The utter moral failure to provide a fairer, universal health-care system is needlessly killing too many Americans, and bankrupting others, while insurance and pharmaceutical industry executives are paid lavish fortunes for minimizing their so-called "medical losses" -- the percentage of revenue spent to actually provide health care for their customers.

GOP still panders for repeal

Regardless, Republicans rose again in lockstep Thursday to denounce the court's ruling and to promise to repeal "Obamacare," a term that they have made an epithet without offering a hint of a viable alternative. Voters who follow their cruel propaganda would do themselves -- and their family members -- a certain injustice and invoke a bleak health-care future to support repeal of health-care reform.
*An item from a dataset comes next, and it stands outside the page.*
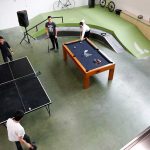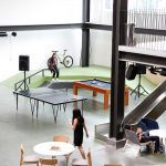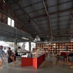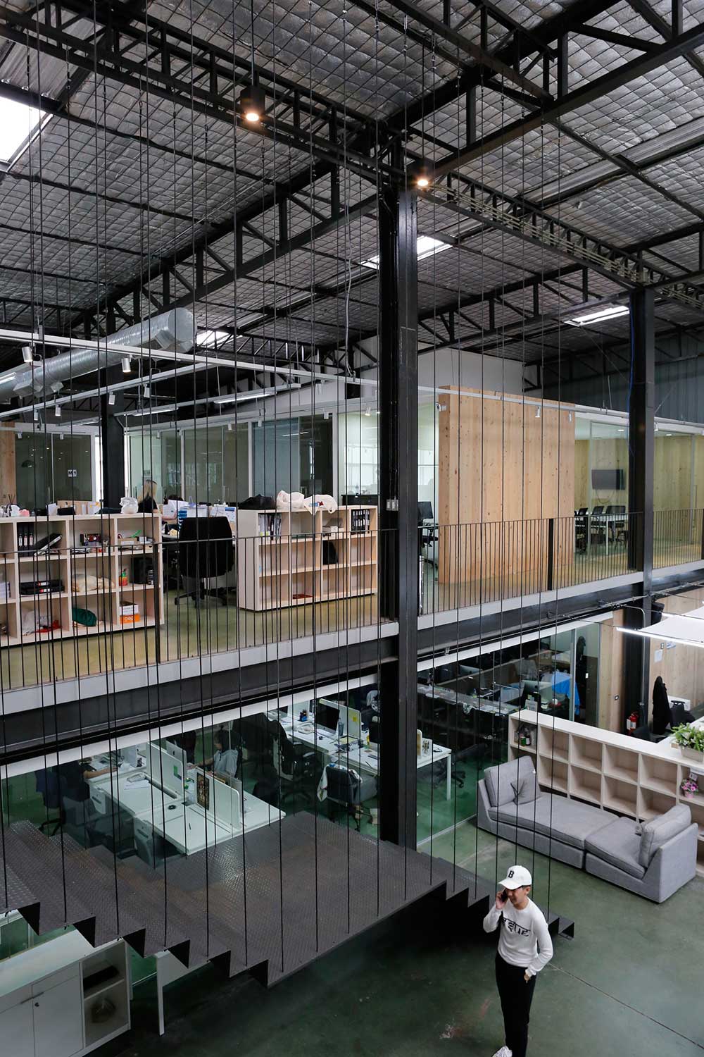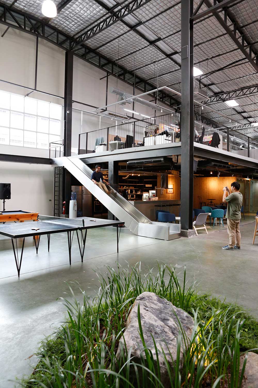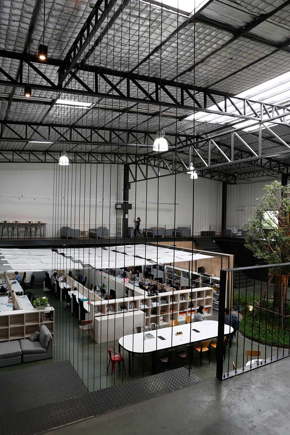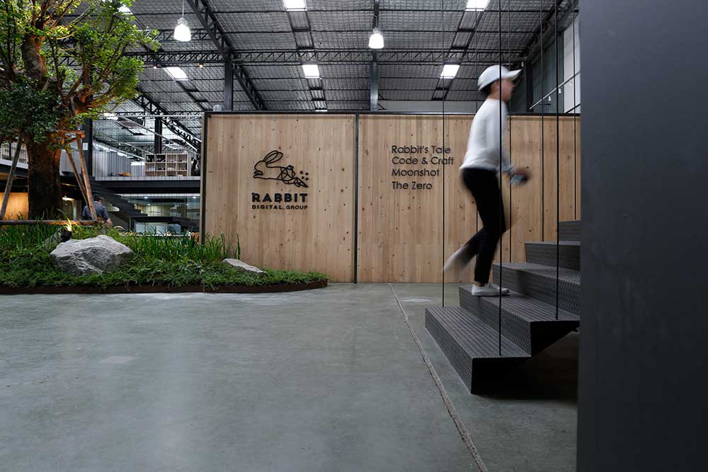 อีกโครงการน้องใหม่ที่เปลี่ยนอาคารโกดังเก่ามาเป็นออฟฟิศสุดชิค ในย่านถนนบรรทัดทองหลังสามย่านกับ The Burrow บ้านโพรงกระต่ายหลังใหม่ของชาว Rabbit Digital Group ผู้สร้างสรรค์งานดิจิทัลมาร์เก็ตติ้ง จากแต่เดิมที่เคยทำงานอยู่ในอาคารสำนักงานทั่วไป เมื่อจำนวนพนักงานมากขึ้น คุณเล็ก-รุ่งโรจน์ ตันเจริญ ผู้บริหาร จึงมองหาสถานที่ใหม่ ด้วยความชอบรูปแบบโกดังอยู่เป็นทุนเดิม เมื่อพบประกาศให้เช่าโกดังอะลูมิเนียมเก่าเก็บจึงลงตัวพอดี เขาตัดสินใจเปลี่ยนโกดังให้กลายเป็นออฟฟิศบนพื้นที่ 1,500 ตารางเมตร โดยมอบหมายให้ MUN Architects มาออกแบบจัดสเปซใหม่ให้เหมาะสำหรับการทำงานที่ต้องคิดสร้างสรรค์ตลอดเวลา โดยเลือกคงโครงสร้างแบบโกดังเอาไว้และกรุฉนวนอะลูมิเนียม พื้นคอนกรีตสีเขียวตุ่นของเดิม ส่วนเสาเหล็กเดิมเป็นสีเทาก็ทาสีดำทับ และตกแต่งไม้เพิ่มเติมสร้างบรรยากาศอบอุ่นดูสะอาดตา ตรงกลางเปิดพื้นที่เป็นมุมสาธารณะจัดวางโต๊ะอเนกประสงค์ มีมุมให้เล่นกีฬาในร่มอย่างโต๊ะพูล ลานสเก็ตบอร์ดและปิงปองทำให้พนักงานเกิดปฏิสัมพันธ์ระหว่างกันในออฟฟิศ ด้านหน้าวางต้นไม้ใหญ่ช่วยเพิ่มพื้นที่สีเขียวภายในอาคารทำให้บรรยากาศดูผ่อนคลายขึ้น บนหลังคายังกรุช่องแสงเป็นระยะ เช่นเดียวกับช่องแสงข้างโกดังทำให้ภายในบริเวณดูสว่างจนแทบไม่ต้องเปิดไฟตอนกลางวัน ส่วนพื้นที่ทำงานออกแบบให้ค่อนข้างเปิดโล่งไม่กั้นผนังชัดเจน แต่ใช้วิธีแบ่งโซนด้วยชั้นหนังสือหรือพาร์ทิชันเตี้ยทำให้พื้นที่ไม่ดูตัดขาดจากกัน

Indeed, though many have been misled by partisan Republicans to object to "Obamacare," most Americans, polls repeatedly prove, support the reforms the ACA has already introduced. These include: banning insurers' exclusion for children for pre-existing conditions, extending family coverage to children up to the age of 26, requiring insurers to cover preventive care and to spend 80-to-85 percent of revenue from customers' premiums on actual care, banning insurers' annual limits on coverage, and narrowing the "donut" hole in Medicare for prescription drugs. These and other pending ACA reforms are all necessary to lower overall health care costs and to bring more American citizens under the umbrella of insurance.

Americans are now on a course that, in 2014, will assure affordable, accessible and comprehensive lifetime health care for most citizens. That's a milestone half a dozen presidents -- Democrats and Republicans -- have tried to reach, and failed. The debate now should be how to improve the ACA, not how to dismantle it for fleeting partisan gain.